I think the biggest of those moves was putting Zdeno Chara and Dennis Seidenberg on the same defensive pairing, allowing the Bruins to play shut down defense no matter who the opposition put on the ice. The move allowed the Bruins to climb out of an 0-2 hole against Montreal in the first round, overwhelm Philadelphia in the second round and outlast Tampa Bay in the Eastern Conference finals. Chara and Seidenberg continued their dominance in the Finals against Vancouver, where they locked down the fragile twins, Daniel and Henrik Sedin.
Julien is the thinking man's coach. He runs a tight ship but he's not a screamer. He can find the right words when the occasion is needed, but he's not going to remind anyone of Vince Lombardi when it comes to making a speech. But he will make the right moves from the start of the season to the finish.
The latest sees him pulling center David Krejci off the first line between Milan Lucic and Rich Peverley (filling in for the concussed Nathan Horton) and moving him to a spot between Benoit Pouliot and Jordan Caron on the team's third unit. Julien moved Chris Kelly to Krejci's spot on the top line. I think it was a great way to wake up Krejci.
After a hot streak prior to the all-star game, Krejci was floating after the team returned from the break, seemingly skating at half speed. Since the Bruins lost two of their first three post-break games, Julien decided to act sooner rather than later.
In the first game following the move, Boston defeated Washington 4-1 Jan. 5. The victory and the margin were obvious benefits, but it was the overall team effort pleased Julien and Bruins fans even more.
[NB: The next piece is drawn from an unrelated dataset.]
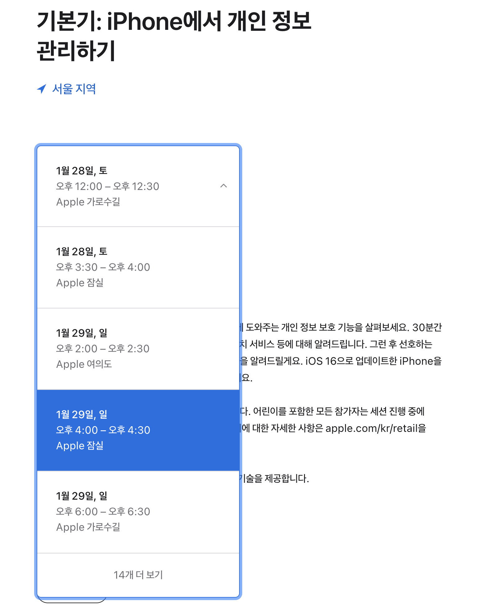 이번 아이폰에서 개인 정보 관리하기 세션은 30분 동안 진행되는데요 전 세계 모든 애플스토에서 제공되고 새롭게 제공되는 그룹 예약을 통해 단체별로 세션 일정을 신청할 수도 있습니다.

The Capitals game marked a return to form that the Bruins had in November in December. They ripped off a 20-3-1 streak between Nov. 1 and Dec. 28 that demonstrated they were capable of repeating last year's Stanley Cup championship.
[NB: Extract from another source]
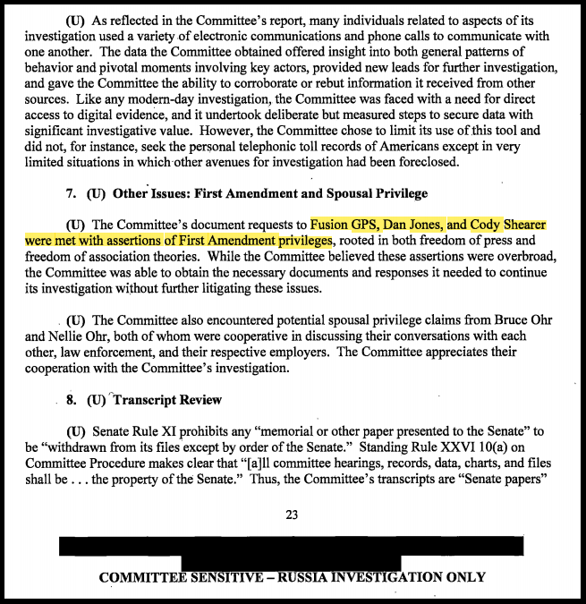 SIDEBAR from CTH ARCHIVES – A fantastic catch by Twitter user “15poundstogo” previously highlighted a key phrase within the Senate Select Intelligence Committee (SSCI) Russia Report Volume-5, showing how the SSCI allowed those who created the Trump-Russia narrative to avoid questioning:

Julien has the pulse of the team, almost always making the correct choice in goal when it comes to alternating between the White House-skipping Tim Thomas and Tuukka Rask. Additionally, he will adjust his defensive pairings and power play unit from time to time.
Krejci, almost predictably, is not happy about the move. Why should he be? He is probably the most talented all-around offensive player on the team and he was one of the key performers during last year's Stanley Cup run. But Krejci tends to relax when the hockey season reaches its dog days—which it is in right now—and the move may wake him up.
It's also not permanent. Julien will keep Krejci on the third line for a game or two or three, but you can be sure he'll return to his former sport as soon as Julien thinks it will result in increased production and consistency. I have full confidence in Julien's ability to use his talent in the proper way and allow the Bruins to get the most out of their considerable talent. Julien's penchant for making the right coaching moves should be enough to help the Bruins make another Stanley Cup run.
If they don't get there, it won't be because Julien is asleep at the switch.